From your description, it sounds like a simple matrix operation. You just have to make sure you have the right dimensions for C and S. C should be a column vector (length(C)-by-1) and S should be a row vector (1-by-length(S)). Assuming they are the right dimensions, just do the following:
mat = C*S;
If you're not sure of their dimensions, this should work:
mat = (C(:))*(S(:)');
EDIT: Actually, I went a little crazy with the parentheses. Some of them are unnecessary, since there are no order-of-operation concerns. Here's a cleaner version:
mat = C(:)*S(:)';
EXPLANATION:
The matrix multiplication operator in MATLAB will produce either an inner product (resulting in a scalar value) or an outer product (resulting in a matrix) depending on the dimensions of the vectors it is applied to.
The last equation above produces an outer product because of the use of the colon operator to reshape the dimensions of the vector arguments. The syntax C(:) reshapes the contents of C into a single column vector. The syntax S(:)' reshapes the contents of S into a column vector, then transposes it into a row vector. When multiplied, this results in a matrix of size (length(C)-by-length(S)).
Note: This use of the colon operator is applicable to vectors and matrices of any dimension, allowing you to reshape their contents into a single column vector (which makes some operations easier, as shown by this other SO question).
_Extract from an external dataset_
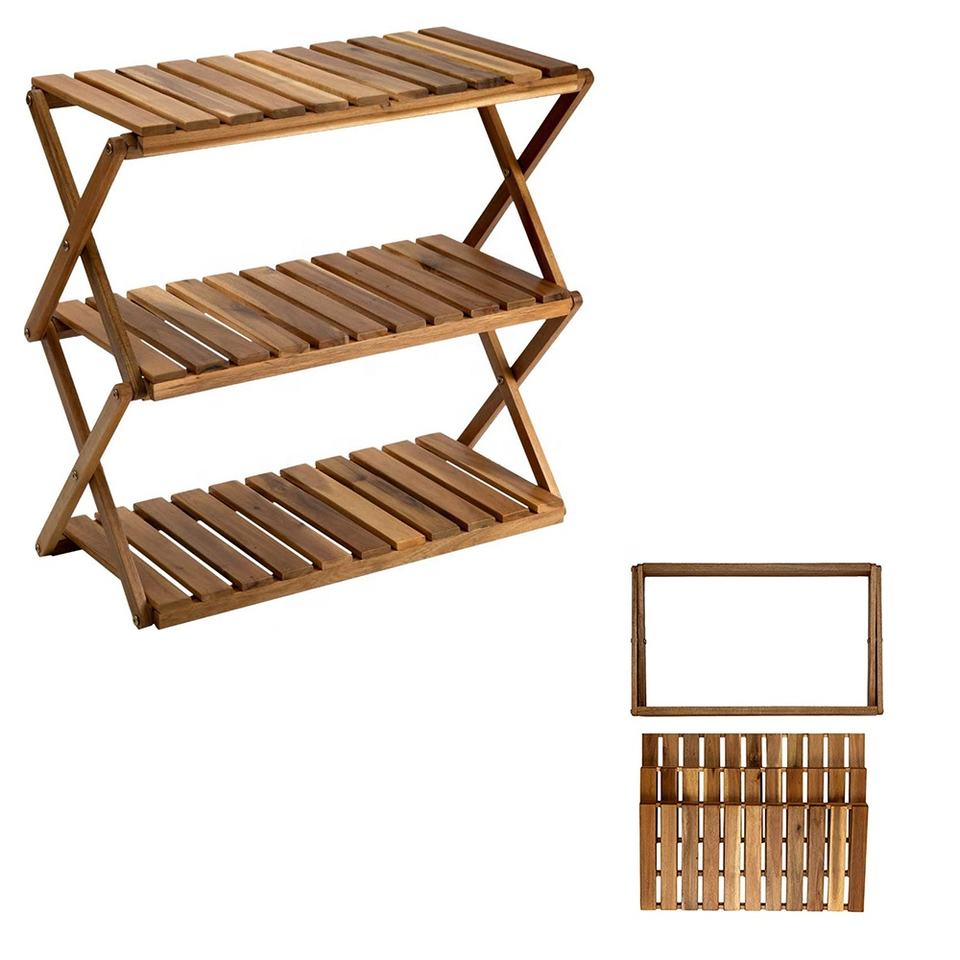 Rectangular Collapsible Solid Acacia Wood 3-Tier Storage Rack

Try executing this in MATLAB:
mat = C*S'
As In:
C = [1; 2; 3];
S = [2; 2; 9; 1];
mat = zeros(length(C),length(S));
for j=1:length(C)
mat(j,:)=C(j)*S;
end
% Equivalent code:
mat2 = C*S';
myDiff = mat - mat2
Do you mean the following?
mat = zeros(length(C),length(S));
for j=1:length(C)
mat(j,:)=C(j)*S;
end
If so, it's simply matrix multiplication:
C' * S % if C and S are row vectors
C * S' % if C and S are column vectors
If you don't know whether C and S are row vectors or column vectors, you can use a trick to turn them into column vectors, then transpose S before multiplying them:
C(:) * S(:)'
I'm not entirely clear on what you're doing - it looks like your resulting matrix will consist of length(C) rows, where the ith row is the vector S scaled by the ith entry of C (since subscripting a vector gives a scalar). In this case, you can do something like
mat = repmat(C,[1 length(S)]) .* repmat(S, [length(C) 1])
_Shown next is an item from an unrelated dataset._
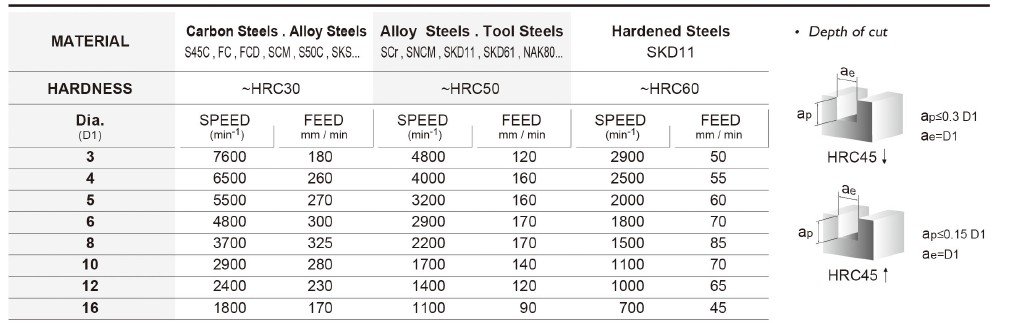 Základem je také kvalitní materiál se speciálním výbrusem pro obrábění materiálů do tvrdosti 60HRC. Vzhledem k náročnosti obrábění a tvrdosti obráběného materiálu je pro frézy používán substrát o velikosti zrna 0,5µm s vysokou odolností vůči lomu a současně vynikající odolností vůči opotřebení.

where you tile C across columns, and S down rows.
Try this:
C = 1:3
S = 1:5
mat1 = C'*S
mat2 = bsxfun(#times, C',S)
(esp. good when the function you need isn't simpler MATLAB notation)
--Loren
Try using meshgrid:
[Cm, Sm] = meshgrid(C, S);
mat = Cm .* Sm;
edit: nevermind, matrix multiplication will do too. You just need one column vector C and one row vector S. Then do C * S.